Part 11: Application 1 - Flagging uncertain risks for underwriting referral

Part 11: Application 1 - Flagging uncertain risks for underwriting referral

The conformal interval gives you two dimensions for every risk:

  1. Risk level - the point estimate (£342 is an expensive risk; £87 is a cheap one)
  2. Model uncertainty - the relative interval width ((upper - lower) / point estimate)

These are independent. A risk can be expensive and well-understood (young driver with high vehicle group, but there are thousands in training data). A risk can be cheap and poorly understood (unusual feature combination that appears rarely in training).

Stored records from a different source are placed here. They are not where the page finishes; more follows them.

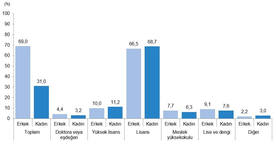 Kadınlarda ise en yüksek hisse lisans mezunlarında (%36,1) olup, bunu doktora yahut muadili (%28,5) ve yüksek lisans (%24,6) takip etmektedir.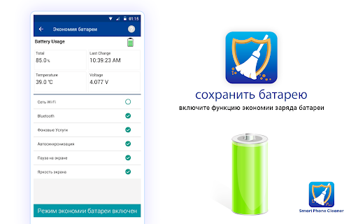 Cleaner для Android позволяет анализировать использование батареи вашего устройства и завершает приложения, которые вызывают дренаж аккумулятора.Дренаж аккумулятора может быть связан с приложениями, которые больше не используются, или теми, которые работают на фоне.Это позволяет вам закрыть такие приложения и сохранять питание аккумулятора.Более того, это также показывает температуру устройства.Вы можете улучшить свой игровой опыт благодаря своей функции Speed Up.Он освобождает оперативную память, чтобы придать вашему устройству значительный повышение скорости.Кроме того, он закрывает фоновые процессы запуска для повышения производительности игр.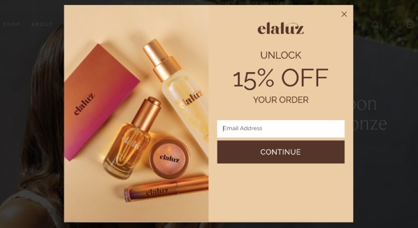 Why it's effective: If you go to leave the Elaluz landing page an offer appears on the screen with a 15% off discount. Whether a visitor was thinking about moving forward with a purchase at that moment in time, the coupon is enticing for anyone on the site.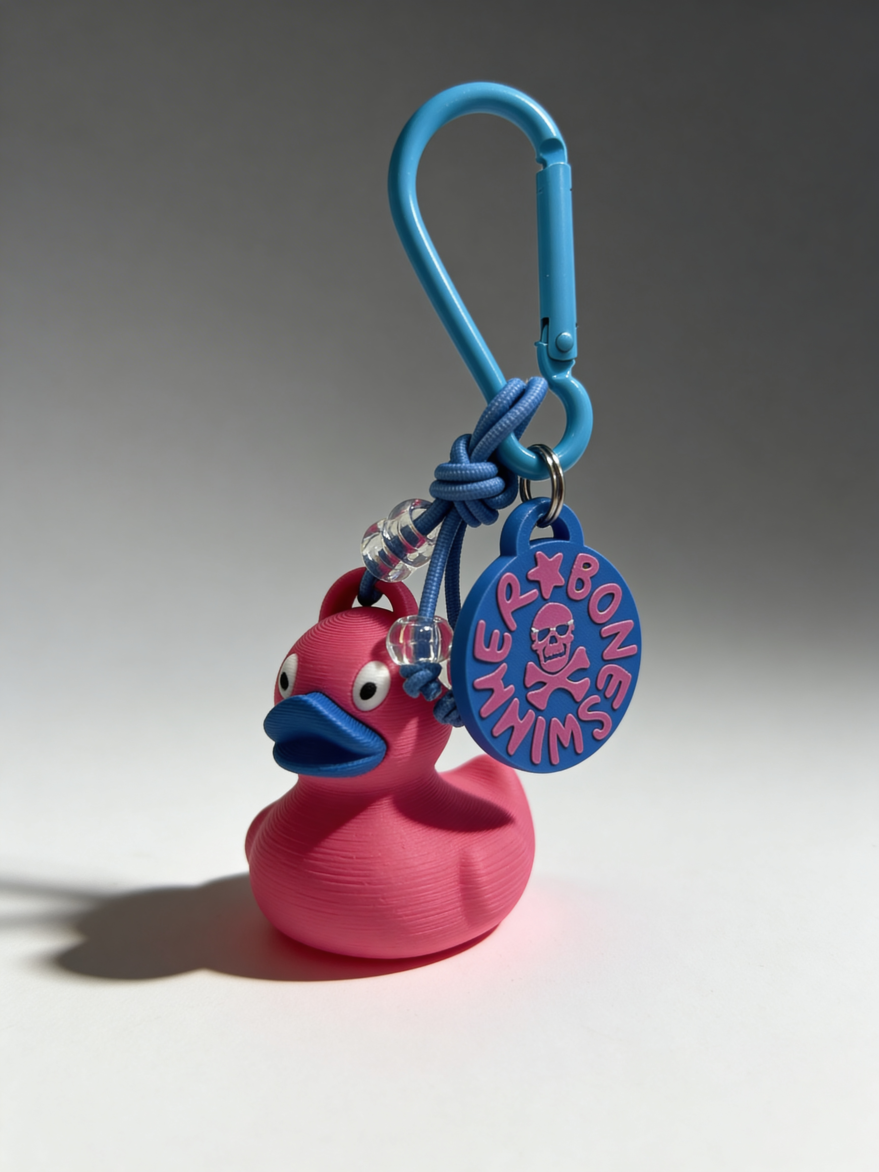 Zawieszka do kluczy Duck Psycho z odznaką — Fuksja / Błękitny

Underwriting referral should be based on model uncertainty, not risk level. High-risk policies the model understands can be quoted automatically with high confidence. Uncertain policies - regardless of price - should go to a human.

In a new cell:

%md
## Part 11: Underwriting referral flag
# Extract arrays for computation
point  = intervals_90["point"].to_numpy()
lower  = intervals_90["lower"].to_numpy()
upper  = intervals_90["upper"].to_numpy()

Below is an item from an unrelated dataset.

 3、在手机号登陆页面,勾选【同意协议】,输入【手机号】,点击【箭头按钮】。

# Relative width: how wide is the interval relative to the point estimate?
# This measures model uncertainty, not risk level
rel_width = (upper - lower) / np.clip(point, 1e-6, None)

# Set threshold at the 90th percentile -> exactly 10% referral rate
width_threshold = np.quantile(rel_width, 0.90)
flag_for_review = rel_width > width_threshold

print(f"Relative width threshold (90th percentile): {width_threshold:.4f}")
print(f"Policies flagged for review: {flag_for_review.sum():,} ({100*flag_for_review.mean():.1f}%)")

What you should see:

Relative width threshold (90th percentile): x.xxxx
Policies flagged for review: 2,xxx (10.0%)

The flag rate is exactly 10% by construction - you set the threshold at the 90th percentile of relative widths, so the top 10% are flagged. If the underwriting director wants a 5% referral rate, use the 95th percentile. If they want 15%, use the 85th percentile.

Now characterise the flagged risks:

# Build a combined analysis frame
X_test_pl = pl.from_pandas(X_test.reset_index(drop=True))
X_test_pl = X_test_pl.with_columns([
    pl.Series("flagged",    flag_for_review),
    pl.Series("rel_width",  rel_width),
    pl.Series("point_est",  point),
    pl.Series("actual",     y_test.values),
])

# Profile: flagged vs unflagged
for flag_val, label in [(True, "FLAGGED (uncertain)"), (False, "Not flagged")]:
    sub = X_test_pl.filter(pl.col("flagged") == flag_val)
    print(f"\n{label}: {len(sub):,} policies")
    print(f"  Mean point estimate:    £{sub['point_est'].mean():.2f}")
    print(f"  Mean actual loss cost:  £{sub['actual'].mean():.2f}")
    print(f"  Mean age:               {sub['age'].mean():.1f}")
    print(f"  Mean vehicle group:     {sub['vehicle_group'].mean():.1f}")
    print(f"  Mean credit score:      {sub['credit_score'].mean():.1f}")
    print(f"  Mean relative width:    {sub['rel_width'].mean():.3f}")

What you should see: flagged risks skew towards younger drivers, higher vehicle groups, and lower credit scores. They are generally more expensive than unflagged risks. But the key point - which you need to explain to the underwriting director - is that flagging is based on training data density, not just risk level.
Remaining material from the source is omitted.